Belarussian author Svetlana Alexievich won the Nobel Prize for Literature on Thursday for her portrayal of the harshness of life in the Soviet Union and in her first public response denounced Russia’s intervention in Ukraine as an “invasion”.
The Swedish Academy said Alexievich’s work, which chronicles the lives of Soviet women during World War Two as well as the consequences of the 1986 nuclear disaster in Chernobyl and the Soviet military adventure in Afghanistan, was “a monument to suffering and courage in our time”.
Alexievich collected hundreds of interviews from people whose lives were affected by these tumultuous events, putting them together in works that were like a “musical composition”, the academy said in awarding the 8 million crown ($972,000) prize.
“By means of her extraordinary method – a carefully composed collage of human voices – Alexievich deepens our comprehension of an entire era,” the academy said. Born in Ukraine in 1948, Alexievich lived in exile for many years because of her criticism of the Belarussian government and after returning home four years ago has kept a low profile, staying out of politics.
But after the prize was announced on Thursday she obliquely criticized Belarus’s hardline leader Alexander Lukashenko and denounced Russian forces for their involvement in the separatist conflict in neighboring Ukraine.
“It is occupation, a foreign invasion,” she said at a news conference in Minsk, adding that she wept when she saw photographs of those killed during pro-European street protests in the Ukrainian capital last year.
“I love the good Russian world, the humanitarian Russian world, but I do not love the Russian world of Beria, Stalin and Shoigu,” she said, referring to Soviet leader Josef Stalin, the security chief responsible for Stalin-era mass purges, Lavrenty Beria, and the current Russian defense minister, Sergei Shoigu.

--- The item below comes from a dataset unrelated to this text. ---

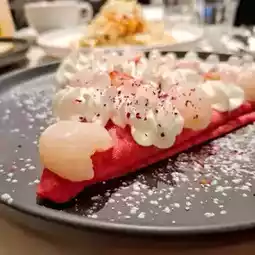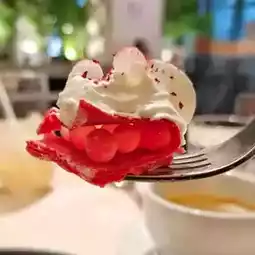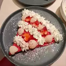 Finally, for dessert, this [Litchi Strawberry Crepe] is a bright red crepe with lychee-flavored popcorn sandwiched in the middle. It tastes very good! The top layer is filled with litchis and strawberries, sweet but not greasy, and the crust is thin, perfect for dessert
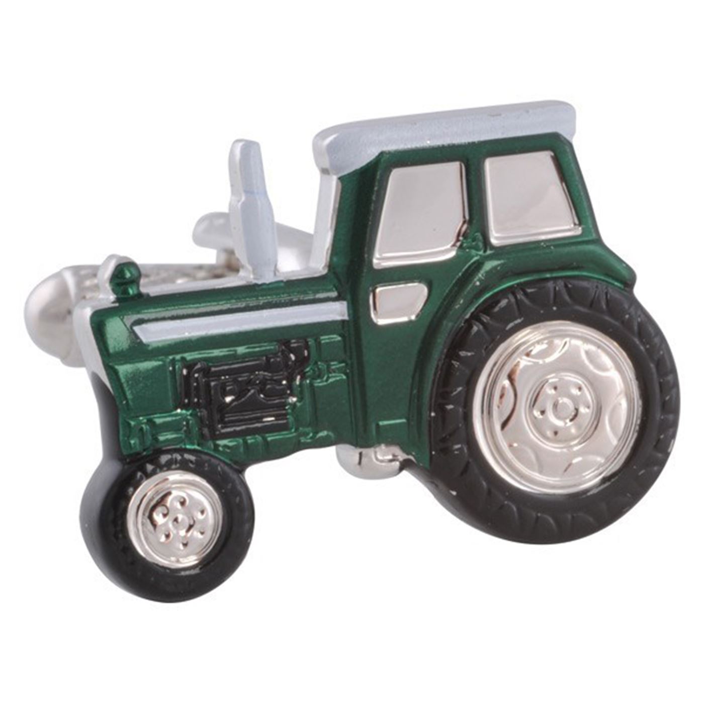 Rhodium Green Tractor cufflinks set on a strong swivel clasp. Very good detailing shown throughout make these tractor cufflinks ideal for anyone involved in farming. Presentation box included in sale so great to give as a present.

The Kremlin replied tartly. “Of course, we congratulate her … But I’m sure she does not possess the information to make a positive evaluation of what is happening in Ukraine,” spokesman Dmitry Peskov commented in Moscow.
NOT VOTING
On Belarus, she said she would not vote in a presidential election due to take place there this month and which Lukashenko, already 21 years in power, is expected to easily secure a further term. “I will not vote in the elections because we know who will win, that Lukashenko will win,” she said.
Alexievich said the prize would enable her to devote herself to two new writing projects. “For money I can buy one thing, I buy freedom. I take a very long time to write my books – from five to ten years,” she told Swedish television separately after the prize announcement.
“I have two new ideas for two new books, so I am glad that I will be free now to work on them.” Alexievich worked as a teacher and a journalist after finishing school, later living abroad for many years in Sweden, Germany and France.
“Real people speak in my books about the main events of the age such as the war, the Chernobyl disaster, and the downfall of a great empire,” she said in a biographical text published on her website.
“But I don’t just record a dry history of events and facts, I’m writing a history of human feelings,” she said. Her books, primarily written in Russian, include “Voices from Chernobyl – Chronicle of the Future”, and “Zinky Boys – Soviet voices from a forgotten war”, a portrayal of the Soviet Union’s war in Afghanistan.
DOCUMENTARY STYLE
Alexievich’s documentary style of writing first became popular in the former Soviet Union in the 1980s. But she has long been an uncomfortable writer for the authorities due to her humanistic, emotional tales of peoples’ fates entangled in major historic developments.
One of her best-known works is “War’s Unwomanly Face”, which took several years to get published as Soviet authorities saw it as subversive and undermining the myth of the Soviet army’s victory in World War Two.
In the book, Alexievich offers an unusual account of the war, moving away from military narrative and telling the tales of Soviet women who took on male roles, fought on the front lines, killed and got killed, but still looked at the shattered world around them from a feminine perspective, focusing on human suffering and basic emotions free of any pathos.
“She has invented a new literary genre. She transcends journalistic formats and has pressed ahead with a genre that others have helped create,” said Sara Danius, permanent secretary of the Swedish Academy.
“It’s more or less like a musical composition, so that in the end you have something like a vast chorus.” Literature was the fourth of this year’s Nobel prizes. The prize is named after dynamite inventor Alfred Nobel and has been awarded since 1901 for achievements in science, literature and peace in accordance with his will.